■ **Task**: Taking the line with "Especialmente diseñado para" as the first and the line with "深く濃密なアメジスト色の服地" as the last, set down exactly every line in that range from the entries below, and no more.

(Listed entries begins)

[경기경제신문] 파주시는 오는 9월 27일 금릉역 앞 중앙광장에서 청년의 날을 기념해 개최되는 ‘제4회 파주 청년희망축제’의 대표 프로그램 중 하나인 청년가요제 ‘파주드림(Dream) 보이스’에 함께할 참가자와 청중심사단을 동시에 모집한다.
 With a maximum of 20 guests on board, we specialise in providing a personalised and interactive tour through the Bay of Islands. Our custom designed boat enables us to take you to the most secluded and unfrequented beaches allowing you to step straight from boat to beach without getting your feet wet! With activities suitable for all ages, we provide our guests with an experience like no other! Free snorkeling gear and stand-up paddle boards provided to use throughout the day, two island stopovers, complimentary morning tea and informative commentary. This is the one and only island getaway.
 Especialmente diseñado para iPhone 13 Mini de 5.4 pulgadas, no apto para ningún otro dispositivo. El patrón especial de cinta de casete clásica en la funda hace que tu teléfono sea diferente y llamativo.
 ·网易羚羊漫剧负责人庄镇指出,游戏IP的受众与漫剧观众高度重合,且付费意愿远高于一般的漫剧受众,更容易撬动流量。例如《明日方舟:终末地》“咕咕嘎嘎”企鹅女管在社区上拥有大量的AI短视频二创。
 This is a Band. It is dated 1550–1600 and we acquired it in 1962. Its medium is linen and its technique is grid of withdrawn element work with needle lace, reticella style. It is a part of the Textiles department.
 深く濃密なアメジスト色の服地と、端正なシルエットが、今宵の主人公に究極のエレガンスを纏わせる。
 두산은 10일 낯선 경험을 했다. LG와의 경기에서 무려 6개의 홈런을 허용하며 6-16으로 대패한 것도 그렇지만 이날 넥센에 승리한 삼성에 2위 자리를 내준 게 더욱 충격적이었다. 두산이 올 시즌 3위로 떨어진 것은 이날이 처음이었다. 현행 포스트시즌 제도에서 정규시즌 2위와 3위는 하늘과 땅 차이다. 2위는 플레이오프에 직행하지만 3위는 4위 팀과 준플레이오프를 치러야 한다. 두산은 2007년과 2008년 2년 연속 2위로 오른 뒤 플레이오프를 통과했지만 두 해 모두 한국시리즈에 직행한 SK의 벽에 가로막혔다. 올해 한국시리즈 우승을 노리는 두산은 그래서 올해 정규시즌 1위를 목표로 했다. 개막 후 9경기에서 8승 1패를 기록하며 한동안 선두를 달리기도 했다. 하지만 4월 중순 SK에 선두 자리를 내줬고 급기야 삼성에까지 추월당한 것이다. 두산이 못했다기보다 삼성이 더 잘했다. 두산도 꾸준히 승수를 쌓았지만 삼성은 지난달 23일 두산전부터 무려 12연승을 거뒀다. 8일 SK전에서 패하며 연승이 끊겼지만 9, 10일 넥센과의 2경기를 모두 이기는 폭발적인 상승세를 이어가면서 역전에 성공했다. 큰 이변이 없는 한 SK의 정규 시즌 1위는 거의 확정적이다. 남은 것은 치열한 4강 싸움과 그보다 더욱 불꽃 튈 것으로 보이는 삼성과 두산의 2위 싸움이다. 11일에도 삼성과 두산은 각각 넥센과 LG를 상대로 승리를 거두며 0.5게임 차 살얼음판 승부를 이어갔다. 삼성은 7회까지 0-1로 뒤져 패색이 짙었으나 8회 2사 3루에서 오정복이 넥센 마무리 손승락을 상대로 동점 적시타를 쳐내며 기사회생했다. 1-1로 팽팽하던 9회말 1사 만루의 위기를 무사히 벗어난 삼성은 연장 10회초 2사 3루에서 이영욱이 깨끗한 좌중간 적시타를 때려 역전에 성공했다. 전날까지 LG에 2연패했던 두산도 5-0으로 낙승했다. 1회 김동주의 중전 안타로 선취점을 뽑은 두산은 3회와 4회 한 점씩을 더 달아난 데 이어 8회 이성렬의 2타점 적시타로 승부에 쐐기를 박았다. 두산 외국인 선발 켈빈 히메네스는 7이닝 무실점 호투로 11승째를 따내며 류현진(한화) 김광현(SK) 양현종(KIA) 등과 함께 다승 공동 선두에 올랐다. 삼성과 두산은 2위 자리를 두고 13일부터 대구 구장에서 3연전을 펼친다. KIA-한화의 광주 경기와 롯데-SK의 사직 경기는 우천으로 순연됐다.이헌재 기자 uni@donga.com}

(Listed entries ends)

■ **Response area**:
 Especialmente diseñado para iPhone 13 Mini de 5.4 pulgadas, no apto para ningún otro dispositivo. El patrón especial de cinta de casete clásica en la funda hace que tu teléfono sea diferente y llamativo.
 ·网易羚羊漫剧负责人庄镇指出,游戏IP的受众与漫剧观众高度重合,且付费意愿远高于一般的漫剧受众,更容易撬动流量。例如《明日方舟:终末地》“咕咕嘎嘎”企鹅女管在社区上拥有大量的AI短视频二创。
 This is a Band. It is dated 1550–1600 and we acquired it in 1962. Its medium is linen and its technique is grid of withdrawn element work with needle lace, reticella style. It is a part of the Textiles department.
 深く濃密なアメジスト色の服地と、端正なシルエットが、今宵の主人公に究極のエレガンスを纏わせる。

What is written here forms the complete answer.